Baidu Develops Text-To-Speech System that Synthesizes Audio in Real Time

March 10, 2017May 25, 2019 Ellen Red audio, Baidu, Deep Learning, speech

Baidu, China’s leading internet search company, announced that it has developed an AI called “Deep Voice” – a text-to-speech system that can synthesize audio in real time or fractions of a second.

In the paper entitled “Deep Voice: Real-time Neural Text-to-Speech,” Baidu researchers wrote that Deep Voice differs from WaveNet, Google’s text-to-speech system, and other text-to-speech systems such as SampleRNN, and Char2Wav as it can “synthesize audio in fractions of a second, and offers a tunable trade-off between synthesis speed and audio quality.”

“In this work, we demonstrate that current Deep Learning approaches are viable for all the components of a high quality text-to-speech engine by building a fully neural system.
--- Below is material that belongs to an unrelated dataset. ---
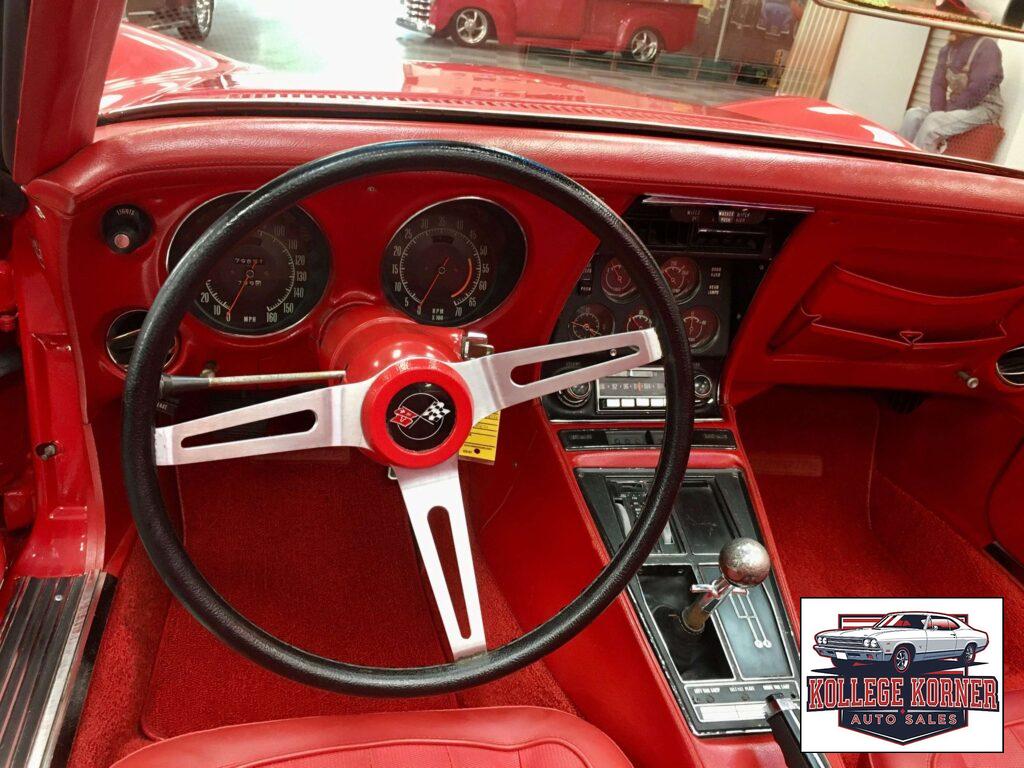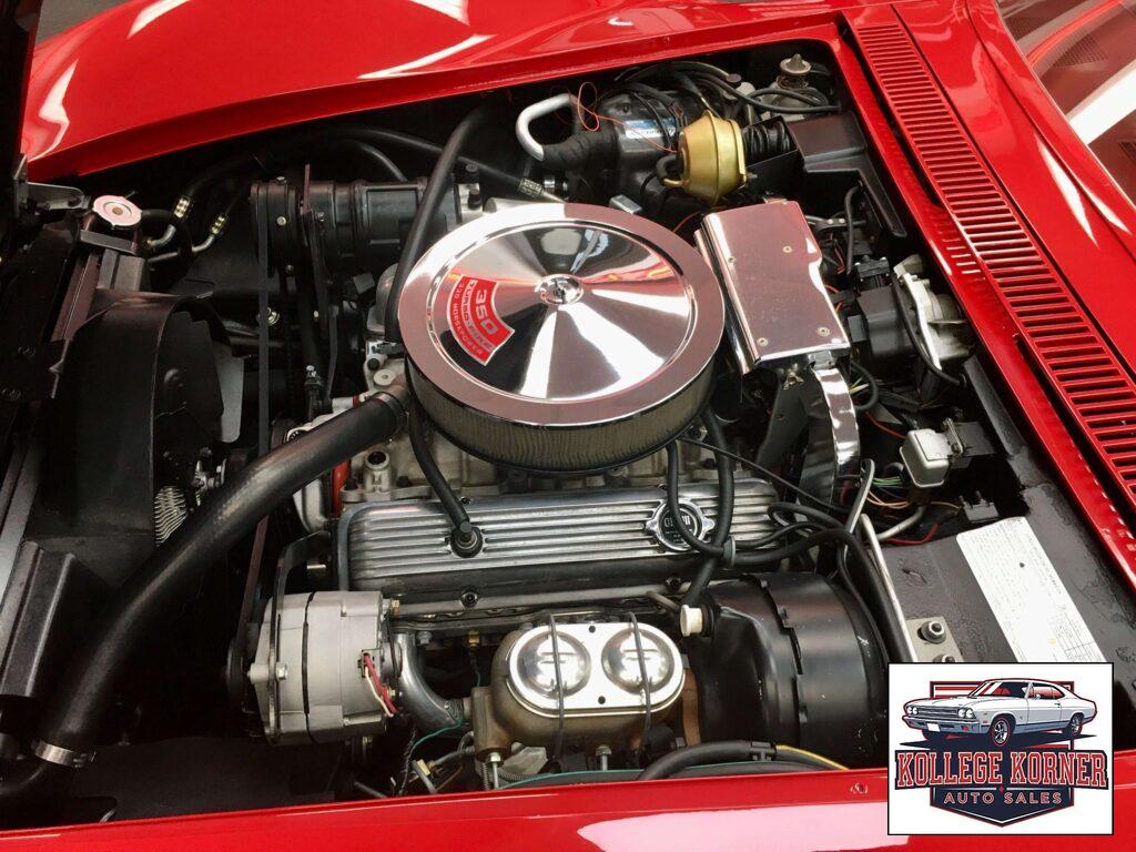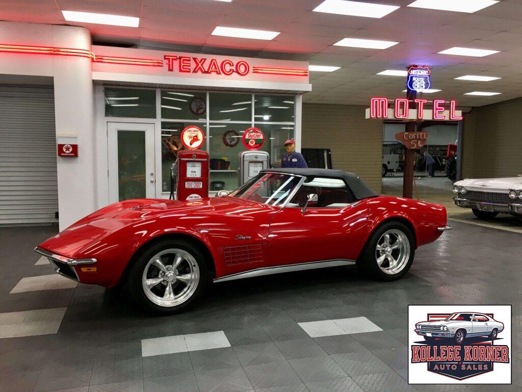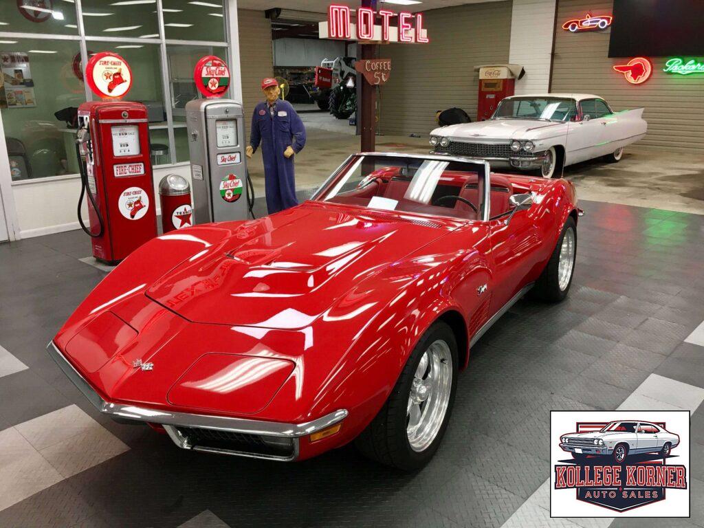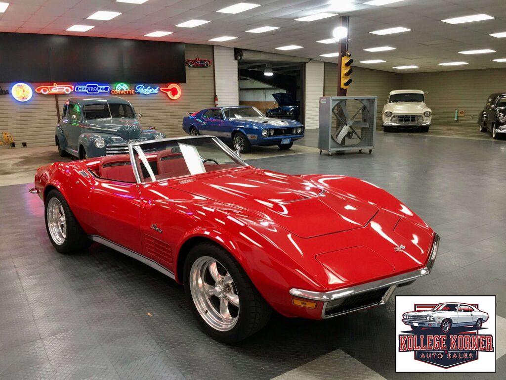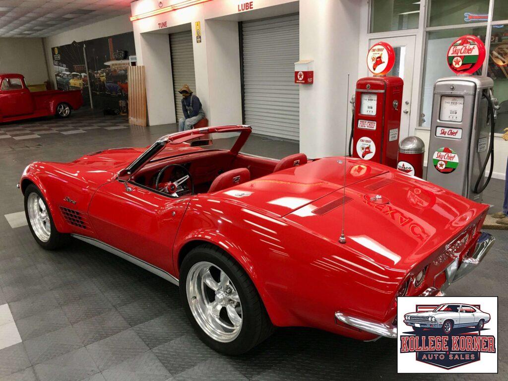 1971 Chevrolet Corvette Convertible with a 350 V8, MSD fuel injection, and 4-speed manual transmission. Features upgraded suspension, air conditioning, power windows, and 18″ American Alloy wheels. Beautiful red paint, original red interior, and an arrow straight body. Runs and drives excellent with enhanced power and performance.

Our system is trainable without any human involvement, dramatically simplifying the process of creating TTS (text-to-speech) systems,” Baidu researchers said.

Compared to other text-to-speech systems, according to Baidu researchers, Deep Voice is completely standalone as training a new Deep Voice system does not need a pre-existing text-to-speech system, and training can be done utilizing a dataset of short audio clips and corresponding text transcripts.

Unlike other systems which use hand-engineered features such as spectral envelope, spectral parameters, aperiodic parameters, Deep Voice only features are “phonemes with stress annotations, phoneme durations, and fundamental frequency (F0),” Baidu researchers said. They said this choice of features makes Deep Voice more applicable to new voices, datasets, and domains without the need of any human data annotation or further feature engineering.

Text-to-speech systems are particularly important in navigation systems, speech-enabled devices and accessibility for the visually-impaired individuals.